138:3.1 Następnego dnia Jezus i szóstka apostołów poszli powołać Mateusza, poborcę celnego[3]. Mateusz czekał na nich, dokonawszy bilansu ksiąg, gotów przekazać sprawy biura swemu bratu. Gdy zbliżali się do jego rogatki, Andrzej podszedł do niego z Jezusem, który patrząc Mateuszowi w oczy, powiedział: „Pójdź ze mną”. Mateusz wstał i razem z Jezusem i apostołami wszedł do swego domu.
138:3.2 Mateusz powiedział Jezusowi o uczcie, jaką przygotował na ten wieczór, przynajmniej chciał wydać wieczerzę dla swojej rodziny i przyjaciół, jeśli Jezus to zaaprobuje i zgodzi się być honorowym gościem. Jezus skinął głową na znak zgody. Piotr wziął na bok Mateusza i tłumaczył mu, że zaproponował pewnego Szymona, aby przyłączył się do apostołów i prosił, żeby Szymona również zaprosić na ucztę.
138:3.3 Po obiedzie w domu Mateusza, wszyscy poszli z Piotrem powołać Szymona Zelotę, którego znaleźli w jego byłej firmie, prowadzonej teraz przez jego siostrzeńca. Kiedy Piotr przyprowadził Szymona przed Jezusa, Mistrz powitał ognistego patriotę i powiedział tylko: „Pójdź ze mną”.
138:3.4 Wszyscy wrócili do domu Mateusza, gdzie do czasu kolacji rozmawiali trochę o polityce i religii[4]. Rodzina Lewiego długo zajmowała się interesami i zbieraniem podatków, zatem sporo gości, zaproszonych przez Mateusza na przyjęcie, faryzeusze mogliby nazwać „celnikami i grzesznikami”[5].

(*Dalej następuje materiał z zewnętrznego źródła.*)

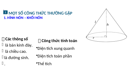 1. HÌNH NÓN – KHỐI NÓN l h r Các thông số
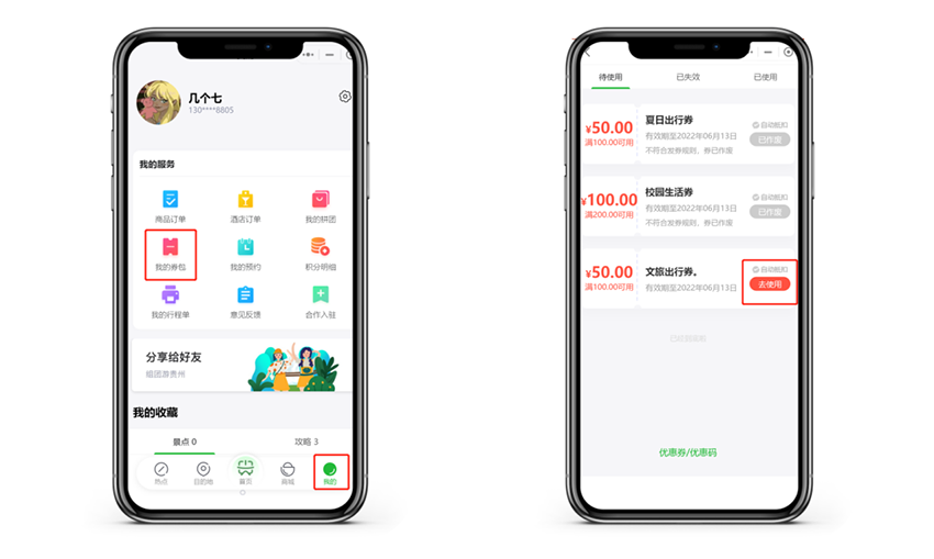 点击[去使用]跳转【2022黔东南文旅消费券专区】购买旅游线路、旅游景区、旅游商品、酒店民宿,旅游特产等,并在支付时自动减扣。

138:3.5 W tamtych czasach, kiedy tego rodzaju przyjęcie-uczta było wydawane przez znacznego człowieka, było zwyczajem, żeby wszystkie zainteresowane tym osoby pozostawały w pomieszczeniu przyjęcia i przyglądały się gościom podczas posiłku, słuchały konwersacji oraz przemówień honorowego gościa. Dlatego też większość faryzeuszy z Kafarnaum zjawiła się przy tej okazji, aby obserwować zachowanie się Jezusa w czasie tego niezwykłego zgromadzenia.

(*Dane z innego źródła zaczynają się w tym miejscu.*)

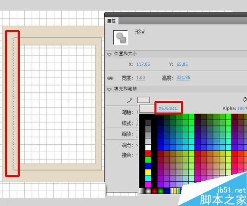 5、拉出一個細(xì)長的矩形作為窗格,同樣用改變線條色做出明暗。
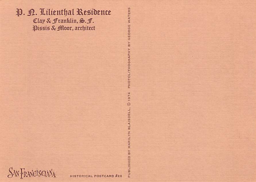 RA Lilienthal Residence - San Francisciana Grade: 1 Category: Continental Size Postcard, Approx 4 in x 6 in (10 cm x 15.25 cm) Product Size: Continental size: 4X6 inches (10.5 cm x 15 cm) Grading Scale: Grade ... Read More

138:3.6 Jak upływał czas wieczerzy, dobry humor biesiadników dosięgał szczytów i każdy bawił się tak znakomicie, że obserwujący to faryzeusze zaczęli, w swych sercach, krytykować Jezusa za jego udział w tak niefrasobliwej i beztroskiej imprezie. Później, wieczorem, kiedy wygłaszali swe mowy, jeden z bardziej złośliwych faryzeuszy posunął się tak daleko, że skrytykował postępowanie Jezusa, mówiąc do Piotra: „Jak śmiesz nauczać, że ten człowiek jest prawy, podczas gdy on je z celnikami i grzesznikami i w ten sposób przydaje swoją osobą powagi beztroskiej zabawie”. Zanim Jezus powiedział zgromadzonym pożegnalne błogosławieństwo, Piotr szepnął mu o tej krytyce. Potem Jezus zaczął przemawiać: „Przychodząc tutaj wieczorem, aby powitać Mateusza i Szymona w naszej wspólnocie, rad jestem waszej niefrasobliwości i dobrej zabawie w towarzystwie, ale powinniście cieszyć się jeszcze bardziej, gdyż wielu z was wejdzie do nadchodzącego królestwa ducha, w którym obficiej będziecie się radować dobrymi rzeczami królestwa nieba. A tym, którzy w swoich sercach zechcą mnie krytykować za to, że przyszedłem tu świętować z tymi przyjaciółmi, chciałbym powiedzieć – przyszedłem głosić radość społecznie uciśnionym i duchową wolność moralnym jeńcom. Czy muszę przypominać, że zdrowi nie potrzebują lekarza, ale raczej ci, co chorują? Nie przyszedłem powołać prawych, ale grzeszników”[6].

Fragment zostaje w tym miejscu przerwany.